ACTION ITEM
Word for word, copy the lines from the one with "Mientras el vórtice" to the last line of the data below, counting both, and keep every picture out.
▼▼▼
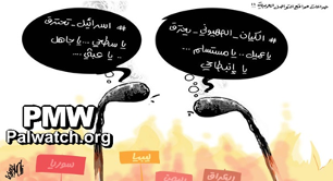 Cartoon criticizes bickering on Arab social media over using terms “Israel” or “the Zionist entity” in celebrating Palestinian arson wave, while Arab world burns in background
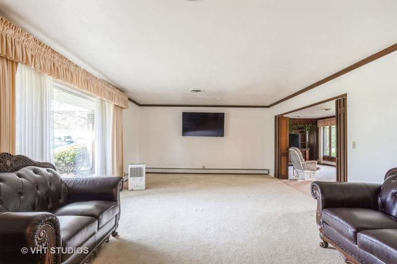 Welcome to this spacious 4-bedroom, 2.5-bath ranch home, perfectly situated on over half an acre in desirable Sleepy Hollow. This solid, all-brick, single-level residence has endless possibilities and offers comfortable and convenient living with timeless charm. Inside, you'll find a bright and open floor plan featuring a huge living room with a wall of windows that flood the space with natural light. The kitchen offers ample cabinetry, plenty of counter space, a large eating area and an adjacent dining area-ideal for both everyday living and easy entertaining. The oversized family/dining room combo offers a warm and inviting atmosphere with its cozy fireplace that features a stunning stone surround mantle. Expansive sliding glass doors lead directly to the backyard, seamlessly blending indoor and outdoor living. All four bedrooms are generously sized, offering flexibility for family, guests or a home office. Step outside and enjoy the beautifully landscaped backyard complete with a patio which is perfect for entertaining, or simply relaxing in your own private retreat. Additional highlights include a three-car garage that provides exceptional storage and convenience. Located just minutes from shopping, dining, parks, and top local amenities, this home offers space, style, and an unbeatable location. Don't miss this opportunity to own this truly exceptional home. Schedule your private tour today!
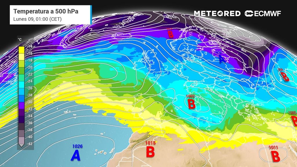 Mientras el vórtice polar continúe debilitado y el chorro siga transitando por latitudes tan bajas, estas borrascas continuarán formándose muy al sur y arrastrando más aire subtropical hacia el sur de Europa, agravando la situación.
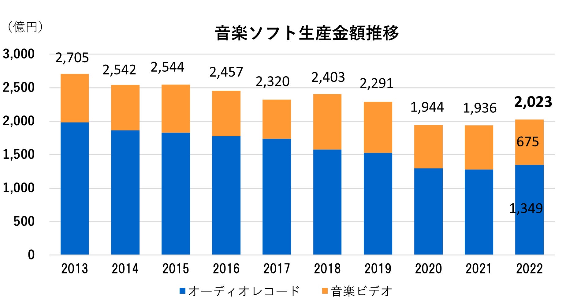 2022年年間の音楽ソフト生産金額は前年比104%の2,023億円で、2019年以来3年ぶりの2,000億円超え。アナログは(過去最低の)2010年の25倍強 43億円まで伸長
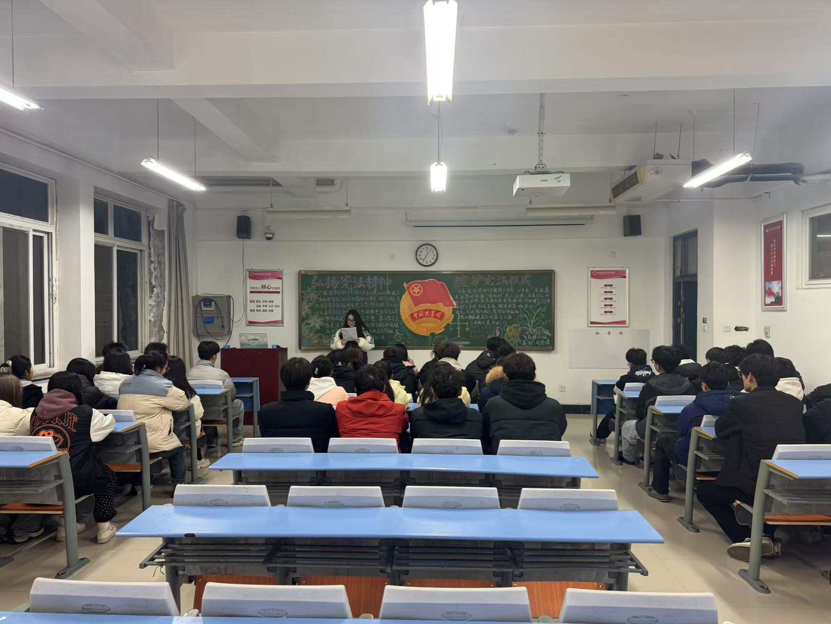 团课伊始,各团支部团支书通过 PPT 演示,以通俗易懂的语言讲解宪法的重要地位、历史沿革,还列举生活实例,阐释宪法与日常学习、就业、消费等息息相关。随后进行现场互动,同学们踊跃发言,分享相关经历并交流困惑。最后,为加深理解,团课组织模拟宪法法庭,演绎案例审判流程,让同学们直观感受宪法在司法实践中的应用。
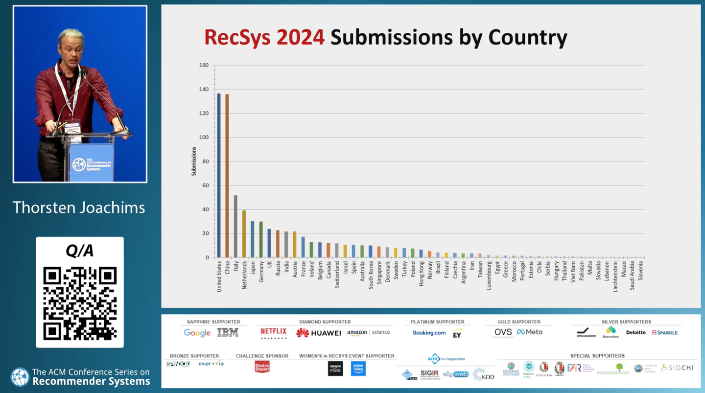 RecSys は The ACM Conference Series on Recommender Systems の略称で、ACM(計算機学会)が主催する推薦システムに関する主要な国際会議の1つです。この会議には、推薦システムの研究を行う研究者や、Eコマースやメディア、HR など多様な領域で活躍するデータサイエンティスト・MLエンジニアが集まり、推薦システムに関する最新の学術研究成果や産業界での応用など、幅広い内容に関する発表や議論が行われます。
▲▲▲
WRITTEN SOLUTION
 Mientras el vórtice polar continúe debilitado y el chorro siga transitando por latitudes tan bajas, estas borrascas continuarán formándose muy al sur y arrastrando más aire subtropical hacia el sur de Europa, agravando la situación.
 2022年年間の音楽ソフト生産金額は前年比104%の2,023億円で、2019年以来3年ぶりの2,000億円超え。アナログは(過去最低の)2010年の25倍強 43億円まで伸長
 团课伊始,各团支部团支书通过 PPT 演示,以通俗易懂的语言讲解宪法的重要地位、历史沿革,还列举生活实例,阐释宪法与日常学习、就业、消费等息息相关。随后进行现场互动,同学们踊跃发言,分享相关经历并交流困惑。最后,为加深理解,团课组织模拟宪法法庭,演绎案例审判流程,让同学们直观感受宪法在司法实践中的应用。
 RecSys は The ACM Conference Series on Recommender Systems の略称で、ACM(計算機学会)が主催する推薦システムに関する主要な国際会議の1つです。この会議には、推薦システムの研究を行う研究者や、Eコマースやメディア、HR など多様な領域で活躍するデータサイエンティスト・MLエンジニアが集まり、推薦システムに関する最新の学術研究成果や産業界での応用など、幅広い内容に関する発表や議論が行われます。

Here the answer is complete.